= Granollers Museum of Natural Sciences =

The Granollers Museum of Natural Sciences, in Granollers (in Vallès Oriental, Catalonia, Spain), covers the fields of palaeontology, geology, botany, meteorology, and, in particular, zoology. In addition, the Museum is the headquarters of the Montseny Natural Park Documentation Centre (natural sciences section) and of the Catalan Butterfly Monitoring Scheme; it also manages the Granollers Meteorological Station and the Can Cabanyes Environmental Education Centre. The Granollers Museum of Natural Sciences, part of the Barcelona Provincial Council Local Museum Network, was from October 2008 to May 2012.

==Catalan Butterfly Monitoring Scheme==
The Catalan Butterfly Monitoring Scheme is a project to monitor the butterfly populations in order to detect more precisely changes in their population based on weekly repetitions of visual census using fixed transects, to later relate said changes to the different environmental factors.

==Granollers Meteorological Station==
The Granollers Meteorological Station has worked uninterruptedly since its creation, in 1950, by the Granollers Museum, and is part of the network of the National Institute of Meteorology of the Spanish Ministry of the Environment and Rural and Marine Affairs.
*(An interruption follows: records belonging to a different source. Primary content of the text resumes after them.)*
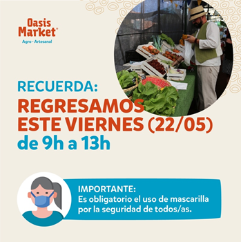Se establece la obligatoriedad del uso de mascarilla para clientes y se recomienda el uso de guantes y la desinfección periódica de manos con los geles instalados en el recinto. Para facilitar el acceso, Oasis Market dispone de parking gratuito.
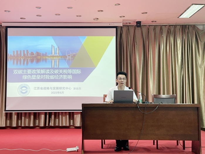随后,涂远东为全场带来题为《“双碳”主要政策解读及国际绿色壁垒对我省经济影响》讲座,讲座全篇围绕“双碳”问题展开,解读了欧盟碳排放交易体系的最新政策,阐述碳关税等对我省相关产业贸易现状及未来的影响,分析了我省在碳排放相关产业现状及存在的主要问题,并提出了相应的对策建议。
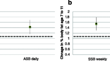 SSB consumption has previously been related to high BMI [15], particularly among adults aged under 45 years [16], which is supported by our results. Imamura et al. [12] conducted a meta-analysis of 17 studies comprising 38,253 cases with T2DM studied over 10,126,754 person years, mostly using food frequency questionnaires for dietary assessment. The positive association between SSB consumption and risk of T2DM was attenuated by BMI, indicated by a small reduction in relative risk from 1.18 (95% CI 1.09–1.28) to 1.13 (95% CI 1.06–1.21). Using our calculation method, this reduction represents 4.2% attenuation in the association between SSB and T2DM. Our present study found a little change after adjustment by BMI, WC (+ 4–6%) or estimated TATM (− 4%), but substantially greater attenuation by estimated BF% (-23%).
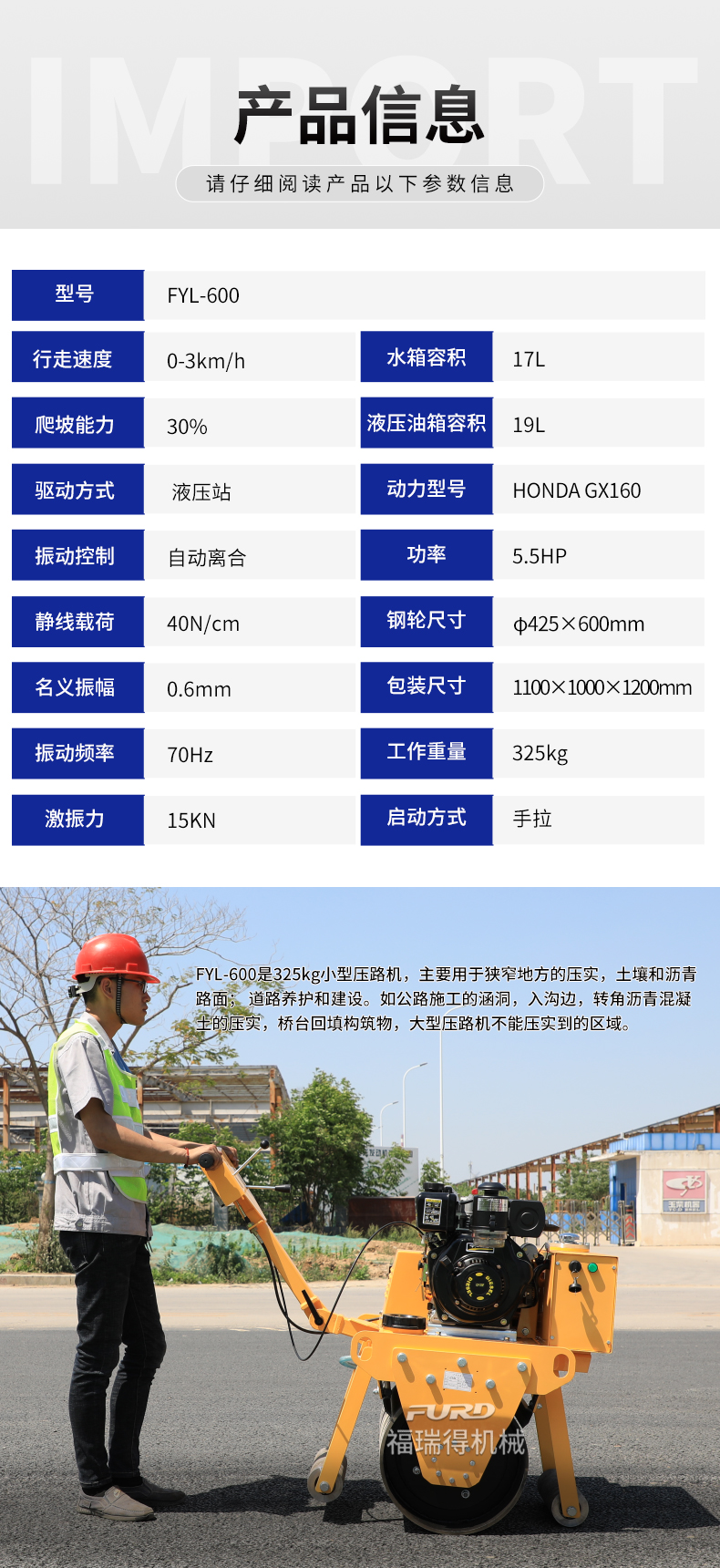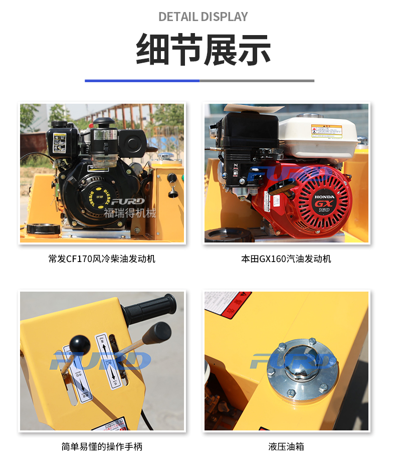 主要用于溝渠基礎(chǔ),道路,體育場地的壓實整平,也可用于壓實瀝青表面的作業(yè)。
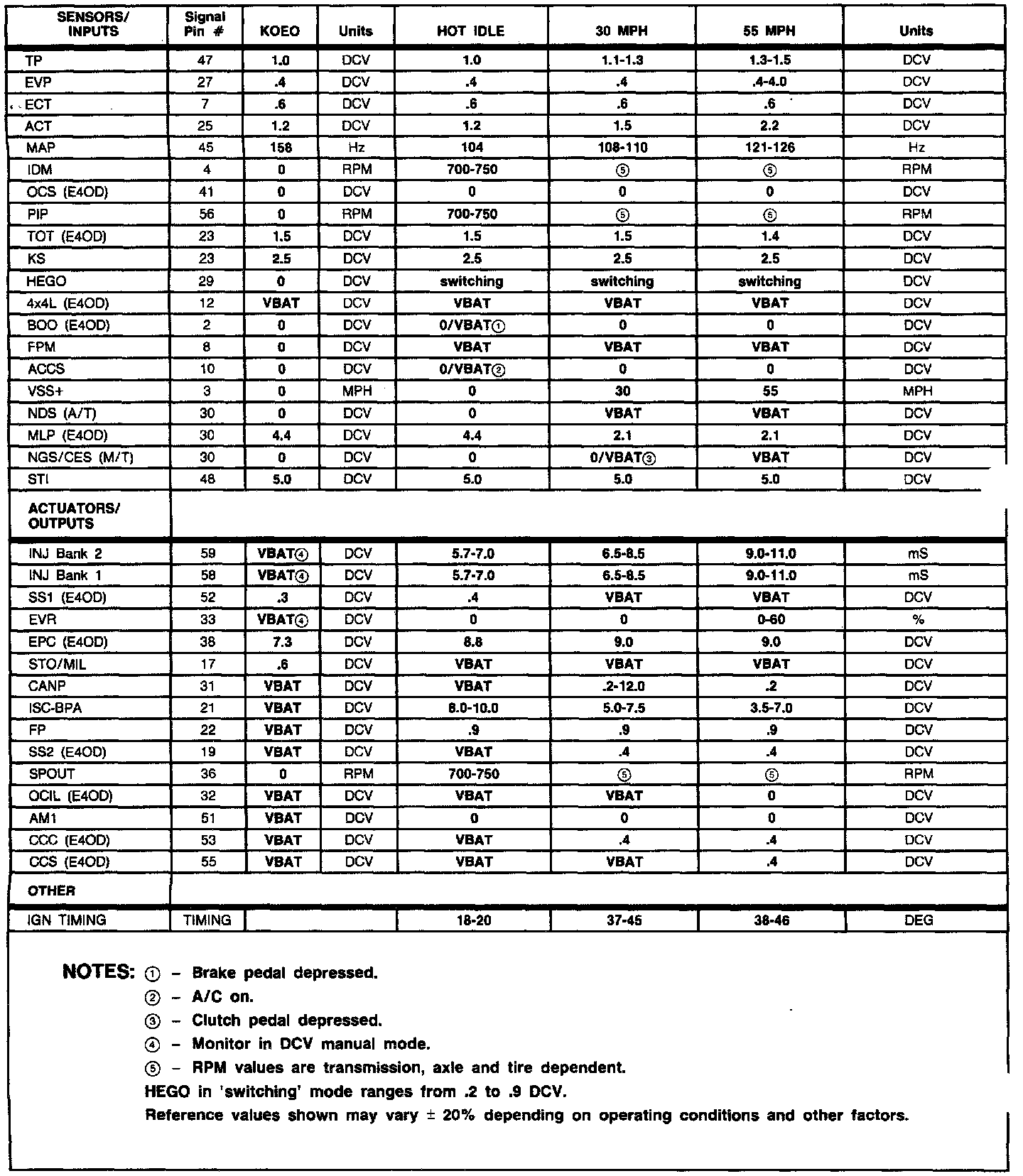 Normal Scan Data Values (Includes PIDs)
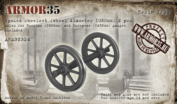 Смола 1/35 , Диаметр колёс 1050 мм.Набор включает два варианта осей для русской (1524 мм) и европейской(1435 мм) колеи.
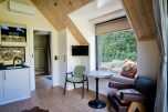 Détendez-vous complètement dans un lodge wellness luxueux et chaleureux pour 2 personnes. Dans ce lodge, vous profiterez du luxe de votre propre sauna et jacuzzi. Les lodges sont situés à la lisière de notre parc de vacances, ce qui vous garantit une intimité supplémentaire.
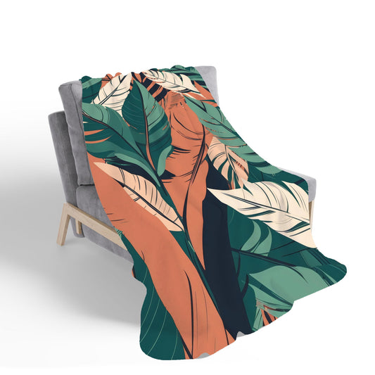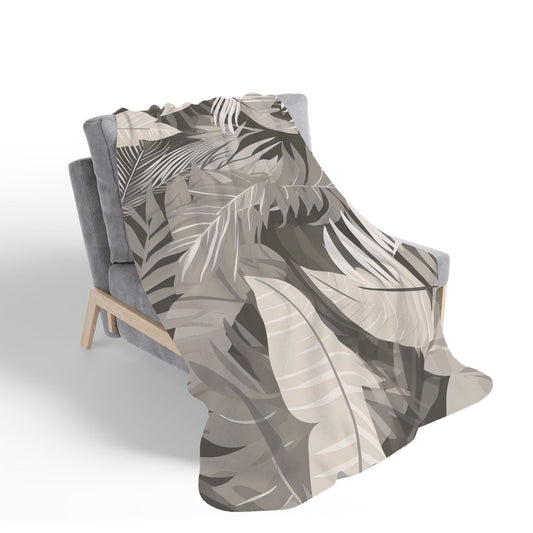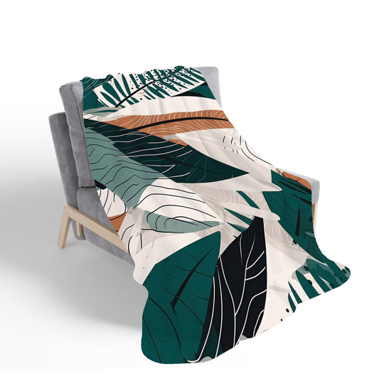 Tropical Floral Leaves Green Brown Sherpa Blanket
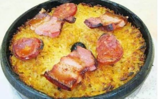 焗鸭饭是澳门前总督的御厨所发明。中国人吃鸭有很多方式,著名的莫如北京烤鸭。聪明的厨师还创作了物尽其用的吃法:片皮吃是前奏,接着拆肉炒丝或做鸭松包生莱吃,最后将骨熬汤,一鸭三吃,绝对不会“浪费”。葡国的焗鸭饭有异曲同工之妙,将鸭肉拆丝,鸭汤煮饭,加上葡国腊肠,放进焗炉,上桌时香气四溢,吸满鸭汁的米饭及金黄香脆的锅巴令人垂涎,饭有浓郁的独特的鸭擅味,饭中满是鸭肉丝,再吃一片咸香的葡国腊肠中和一下,即使不用菜,干食也足够美味。

==Can Cabanyes Environmental Education Centre==
The Can Cabanyes natural area is located to the south of Granollers, between the Montmeló road and the right bank of the Congost River, and gets its name from the farmhouse once located on the property. Both environmental recovery and landscape improvement measures, such as riverbank recovery, the regeneration of existing woodland and the creation of artificial wetlands, have been carried out, which has led to an increase in the naturalisation and environmental diversification of the riverbank.